Strach w oczach Smokera wyzwolił w nim tak ogromną falę emocji, której w
dodatku nie mógł powstrzymać, w jednej chwili. Uwielbiał emocje, impulsy i
adrenalinę. Na pewno nie uważał się za człowieka rozważnego, bo kiedy działa
się impulsywnie, wszystkie doznania są mocniejsze. Bardziej wyraziste. Dlaczego
jego życie miałoby być zwykłą, szarą papką?
Ślinka
napłynęła mu do ust, gdy przypomniał sobie pocałunek. Krew natychmiast uderzyła
mu do głowy na wspomnienie dotyku warg Smokera. Jego opór… podniecał go.
Wewnętrzne ciepło zaczęło spływać między nogi Ace’a. Uśmiechnął się lekko. Na
razie jest za bardzo zmęczony.
Gdy wreszcie
wszedł do łóżka, już świtało. Za parę godzin obudzi się jego nierozgarnięty
brat, błagając o niekończące się porcje jedzenia (i jemu porządnie burczało w
brzuchu, ale nie będzie objadał się przed snem). Za parę godzin dowie się, kim
jest tak naprawdę dla siwowłosego komendanta.
Nigdy bym
nie pomyślał, że… ja i starszy facet…
*
Smoker siedział
przy biurku, patrząc na kserokopię mapy regionu Tokio, w obrębie którego
wybuchały pożary. Zaczęły się one jakieś dwa miesiące temu. Miał niegasnące
przeczucie, że jest w to zamieszany ten cholerny, piegowaty smarkacz. Zerknął
na zegar. Dochodziła piętnasta. Niedługo część policjantów wybędzie na przerwę
obiadową, a on zostanie tu jak stary dziadek, zasypany papierzyskami. Wciąż
pamiętał o tym, co powiedział Ace, lecz nie sądził, by przyszedł prędko. Był
naprawdę porządnie wyczerpany po wczorajszej akcji.
Chwycił marker
i zerknął na piętrzący się na biurku stos protokołów. Pierwsze podpalenie.

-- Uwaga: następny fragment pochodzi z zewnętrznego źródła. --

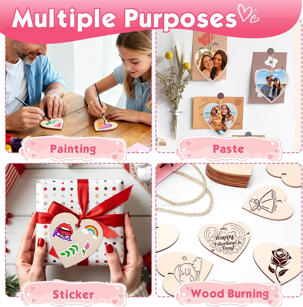 تُستخدم الفراغات الخشبية على نطاق واسع لتزيين المنازل، وصنع بطاقات الهدايا، والملصقات المكتوبة بخط اليد، وبطاقات المعايدة، وأرقام الطاولات، والأكواب، وبطاقات الرغبات، والشماعات، ودعائم الصور، وما إلى ذلك، الحرف اليدوية لعيد الحب مناسبة جدًا للمشروعات التي تصنعها بنفسك.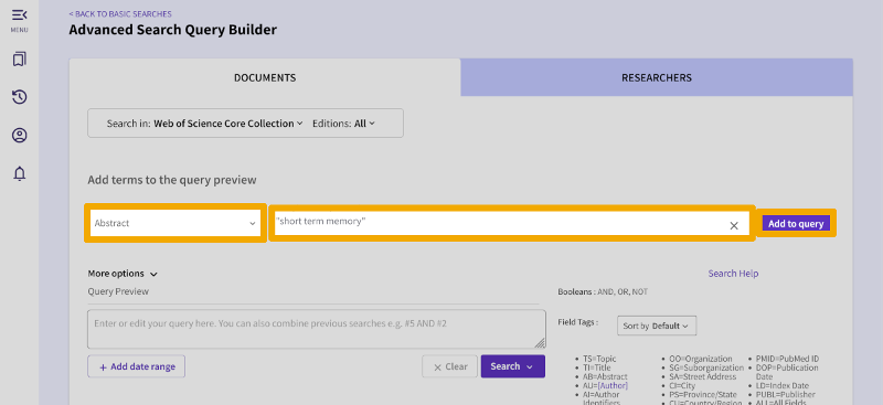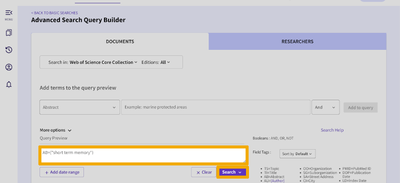 Then we click on ‘ADD’, and place this search keyword in the ‘Query Box’. Then we click on ‘Add to History’.

Odszukał miejsce na mapie i postawił ciemną kropkę. Drugie. Od początku
działania tego psychopaty wybuchło w sumie dwanaście pożarów, sześć w ostatnim
miesiącu, w nieregularnych odstępach czasowych. Pasuje do ucznia, który nie
zawsze ma czas po lekcjach albo problemy z wymykaniem się z domu. Gdy na mapie
pojawił się dwanaście zaznaczonych miejsc, Smoker zamarł. To niemożliwe.
Czyli…? Ace…?
Połączone ze
sobą punkty tworzyły na mapie wielką literę „A”. Nie była jednak ona kompletna
– pozostawał trzynasty punkt, jako zwieńczenie „litery”. Zerknął na daty
pożarów raz jeszcze. Wszystko się zgadza. Najniżej po lewej – pierwszy atak. Po
prawej – drugi. Nie były w regularnych odstępach, ale chronologia pasowała.
Mimo to, czy
Ace byłby na tyle durny, by podpisywać się pod czymś takim? Czy
byłby na tyle bezczelny, by potem całować go, ba, spojrzeć mu w oczy? Wiedział,
z kim ma do czynienia. Smoker nie był przeciętnym policjantem.
Ciężką od myśli
ciszę przerwało pukanie do drzwi.
— Wejść —
warknął komendant, nie spuszczając oczu z mapy. To nie mógł być Ace.
— Dzień dobry —
usłyszał młody, męski głos i serce zabiło mu mocniej. Natychmiast poderwał się
z miejsca i zatrzasnął drzwi.
— Co im
powiedziałeś? — Przyparł Ace’a do drzwi, przytrzymując dłonią ramię chłopaka.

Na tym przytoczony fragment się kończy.